• **EXERCISE DIRECTIONS**
Skip every picture, and output exactly the lines starting at the one with "The Trophy Champion" and running through the last line of the material below.

• **DATA SEGMENT**

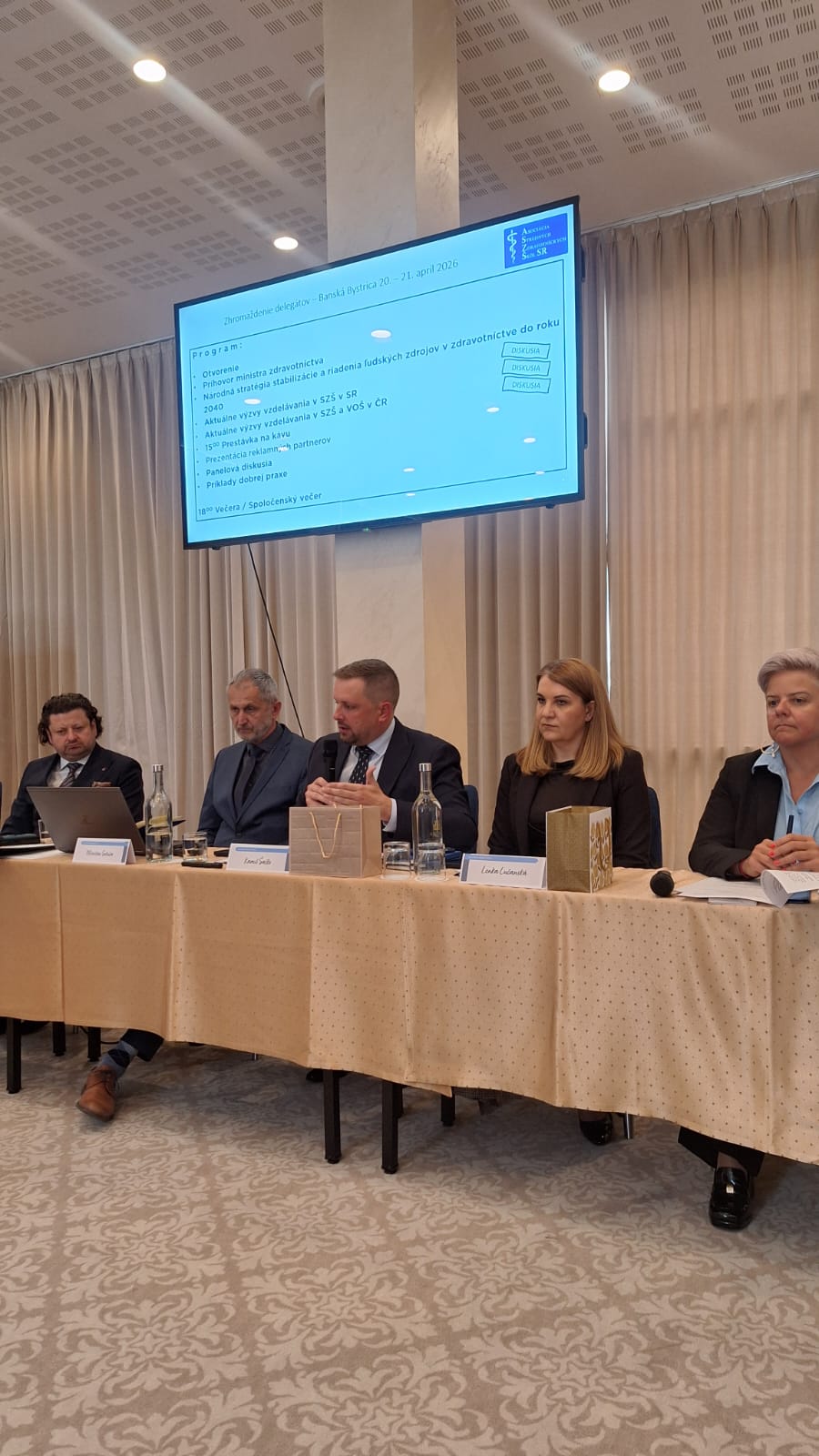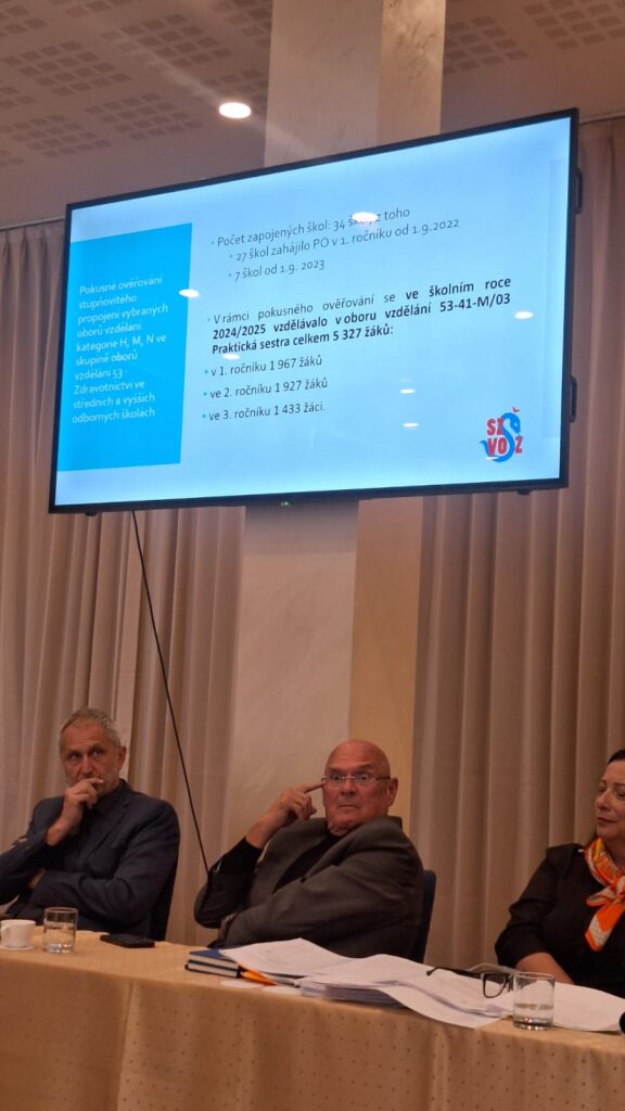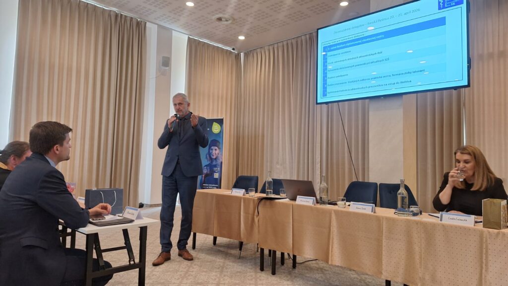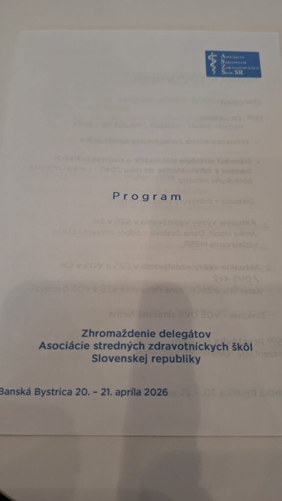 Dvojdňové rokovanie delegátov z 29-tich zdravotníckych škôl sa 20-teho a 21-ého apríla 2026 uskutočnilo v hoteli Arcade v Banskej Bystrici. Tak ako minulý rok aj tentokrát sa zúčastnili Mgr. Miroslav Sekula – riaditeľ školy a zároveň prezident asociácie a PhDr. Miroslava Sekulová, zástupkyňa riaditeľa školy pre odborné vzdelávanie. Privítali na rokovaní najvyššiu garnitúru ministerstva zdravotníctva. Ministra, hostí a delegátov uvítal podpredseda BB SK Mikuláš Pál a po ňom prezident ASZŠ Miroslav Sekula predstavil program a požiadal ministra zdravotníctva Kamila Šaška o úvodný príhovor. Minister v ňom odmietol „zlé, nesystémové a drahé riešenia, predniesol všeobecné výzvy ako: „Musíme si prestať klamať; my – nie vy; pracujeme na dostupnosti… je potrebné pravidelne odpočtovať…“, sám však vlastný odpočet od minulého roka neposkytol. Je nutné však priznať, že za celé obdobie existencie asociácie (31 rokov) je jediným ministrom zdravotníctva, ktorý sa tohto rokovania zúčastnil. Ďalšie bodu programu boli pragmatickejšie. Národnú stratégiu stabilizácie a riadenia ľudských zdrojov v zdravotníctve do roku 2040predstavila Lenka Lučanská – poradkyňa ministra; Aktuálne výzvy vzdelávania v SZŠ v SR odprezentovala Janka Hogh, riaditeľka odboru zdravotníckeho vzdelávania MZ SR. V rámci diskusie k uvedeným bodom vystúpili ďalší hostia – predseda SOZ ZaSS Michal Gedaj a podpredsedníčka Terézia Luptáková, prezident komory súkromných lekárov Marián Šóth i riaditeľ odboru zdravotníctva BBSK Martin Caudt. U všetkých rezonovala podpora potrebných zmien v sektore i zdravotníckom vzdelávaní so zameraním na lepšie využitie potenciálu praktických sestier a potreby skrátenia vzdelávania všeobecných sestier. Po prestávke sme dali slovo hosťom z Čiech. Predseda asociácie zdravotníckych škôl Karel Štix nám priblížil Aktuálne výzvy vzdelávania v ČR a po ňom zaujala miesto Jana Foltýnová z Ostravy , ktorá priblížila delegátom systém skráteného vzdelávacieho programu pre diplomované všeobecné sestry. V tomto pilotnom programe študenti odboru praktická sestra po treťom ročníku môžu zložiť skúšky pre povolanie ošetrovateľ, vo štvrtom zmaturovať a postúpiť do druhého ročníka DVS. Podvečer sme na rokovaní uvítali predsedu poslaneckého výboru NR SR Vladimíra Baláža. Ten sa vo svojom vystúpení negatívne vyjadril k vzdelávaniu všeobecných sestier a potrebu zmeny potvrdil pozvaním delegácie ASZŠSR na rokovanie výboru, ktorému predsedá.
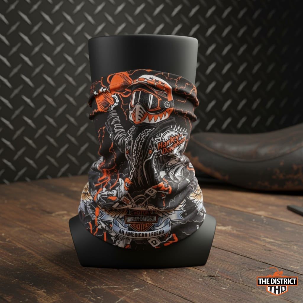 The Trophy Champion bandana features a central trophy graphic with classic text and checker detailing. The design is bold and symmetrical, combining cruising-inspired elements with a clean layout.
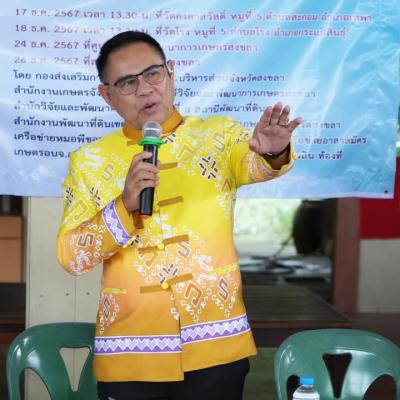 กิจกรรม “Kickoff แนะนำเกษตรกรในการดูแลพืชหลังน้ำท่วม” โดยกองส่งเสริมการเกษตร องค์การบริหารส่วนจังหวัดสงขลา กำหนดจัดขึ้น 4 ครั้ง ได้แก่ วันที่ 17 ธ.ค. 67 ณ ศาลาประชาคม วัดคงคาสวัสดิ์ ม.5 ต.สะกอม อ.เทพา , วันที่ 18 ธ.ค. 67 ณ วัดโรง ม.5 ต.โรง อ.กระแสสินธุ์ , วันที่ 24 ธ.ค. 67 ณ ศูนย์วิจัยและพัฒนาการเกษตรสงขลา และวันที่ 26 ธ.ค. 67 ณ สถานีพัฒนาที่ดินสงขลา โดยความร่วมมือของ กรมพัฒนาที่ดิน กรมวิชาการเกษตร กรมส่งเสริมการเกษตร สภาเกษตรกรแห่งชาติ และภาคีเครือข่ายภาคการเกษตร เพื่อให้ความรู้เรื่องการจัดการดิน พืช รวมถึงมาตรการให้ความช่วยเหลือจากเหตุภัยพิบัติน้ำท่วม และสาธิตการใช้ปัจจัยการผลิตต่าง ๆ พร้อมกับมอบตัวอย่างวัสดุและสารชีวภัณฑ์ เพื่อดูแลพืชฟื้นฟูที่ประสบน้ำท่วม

• **YOUR SOLUTION**
 The Trophy Champion bandana features a central trophy graphic with classic text and checker detailing. The design is bold and symmetrical, combining cruising-inspired elements with a clean layout.
 กิจกรรม “Kickoff แนะนำเกษตรกรในการดูแลพืชหลังน้ำท่วม” โดยกองส่งเสริมการเกษตร องค์การบริหารส่วนจังหวัดสงขลา กำหนดจัดขึ้น 4 ครั้ง ได้แก่ วันที่ 17 ธ.ค. 67 ณ ศาลาประชาคม วัดคงคาสวัสดิ์ ม.5 ต.สะกอม อ.เทพา , วันที่ 18 ธ.ค. 67 ณ วัดโรง ม.5 ต.โรง อ.กระแสสินธุ์ , วันที่ 24 ธ.ค. 67 ณ ศูนย์วิจัยและพัฒนาการเกษตรสงขลา และวันที่ 26 ธ.ค. 67 ณ สถานีพัฒนาที่ดินสงขลา โดยความร่วมมือของ กรมพัฒนาที่ดิน กรมวิชาการเกษตร กรมส่งเสริมการเกษตร สภาเกษตรกรแห่งชาติ และภาคีเครือข่ายภาคการเกษตร เพื่อให้ความรู้เรื่องการจัดการดิน พืช รวมถึงมาตรการให้ความช่วยเหลือจากเหตุภัยพิบัติน้ำท่วม และสาธิตการใช้ปัจจัยการผลิตต่าง ๆ พร้อมกับมอบตัวอย่างวัสดุและสารชีวภัณฑ์ เพื่อดูแลพืชฟื้นฟูที่ประสบน้ำท่วม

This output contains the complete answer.